> [WHAT IS BEING ASKED]: Output exactly the lines of the listing below that run from the line with "Mens Polar Fleece" through the line with "或 25% 月桂成份的阿勒頗古皂-以較高的月桂成份,消炎殺菌,針對改善問題。較嚴重的時候可選40%月桂成份的阿勒頗古皂。". No pictures.

Top of PROVIDED INFORMATION

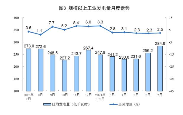 8月15日,國(guó)家統(tǒng)計(jì)局發(fā)布數(shù)據(jù)顯示,規(guī)模以上工業(yè)(以下簡(jiǎn)稱(chēng)“規(guī)上工業(yè)”)電力生產(chǎn)略有加快。7月,規(guī)上工業(yè)發(fā)電量8831億千瓦時(shí),同比增長(zhǎng)2.5%,增速比6月加快0.2個(gè)百分點(diǎn);規(guī)上工業(yè)日均發(fā)電284.9億千瓦時(shí)。1—7月,規(guī)上工業(yè)發(fā)電量53239億千瓦時(shí),同比增長(zhǎng)4.8%。
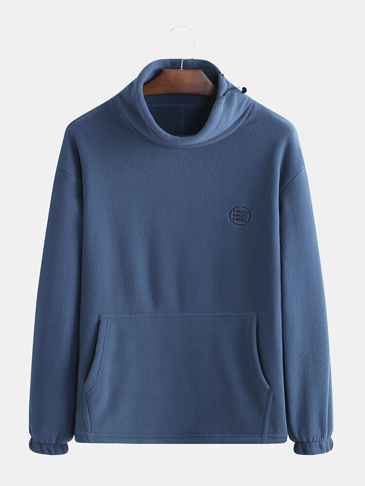 Mens Polar Fleece Casual High Collar Thick Warm Solid Color Sweatshirt – XL Khaki
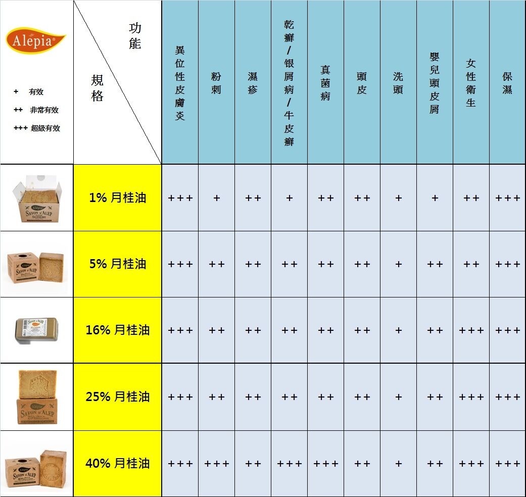 ► 濕疹、暗瘡、皮膚炎、粒粒等肌膚問題較困擾的時候,建議選用16% 或 25% 月桂成份的阿勒頗古皂-以較高的月桂成份,消炎殺菌,針對改善問題。較嚴重的時候可選40%月桂成份的阿勒頗古皂。
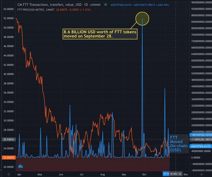 Pada 28 September lalu, senilai lebih dari US$8,6 miliar dipindahkan secara on-chain. Sejauh ini, perpindahan tersebut adalah pergerakan harian token FTT terbesar dalam keberadaan token itu. Selain itu, juga merupakan salah satu pergerakan harian token standar ERC-20 terbesar yang pernah dicatat oleh CoinMetrics.
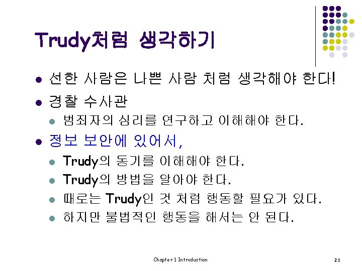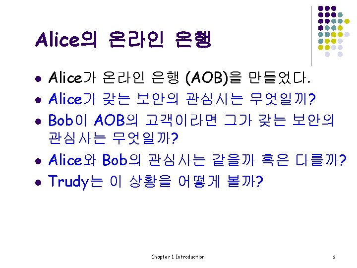 등장 인물 l Alice와 Bob: 착한 사람들 l Trudy: 나쁜 사람 l Trudy는 “intruder”의 일반적 이름 Chapter 1 Introduction 2
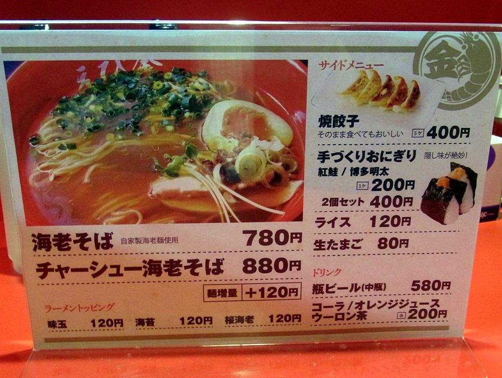 券売機横にあったチラシ。 1杯に使用される海老は、約50尾。

Bottom of PROVIDED INFORMATION

> [EXERCISE SOLUTION]:
 Mens Polar Fleece Casual High Collar Thick Warm Solid Color Sweatshirt – XL Khaki
 ► 濕疹、暗瘡、皮膚炎、粒粒等肌膚問題較困擾的時候,建議選用16% 或 25% 月桂成份的阿勒頗古皂-以較高的月桂成份,消炎殺菌,針對改善問題。較嚴重的時候可選40%月桂成份的阿勒頗古皂。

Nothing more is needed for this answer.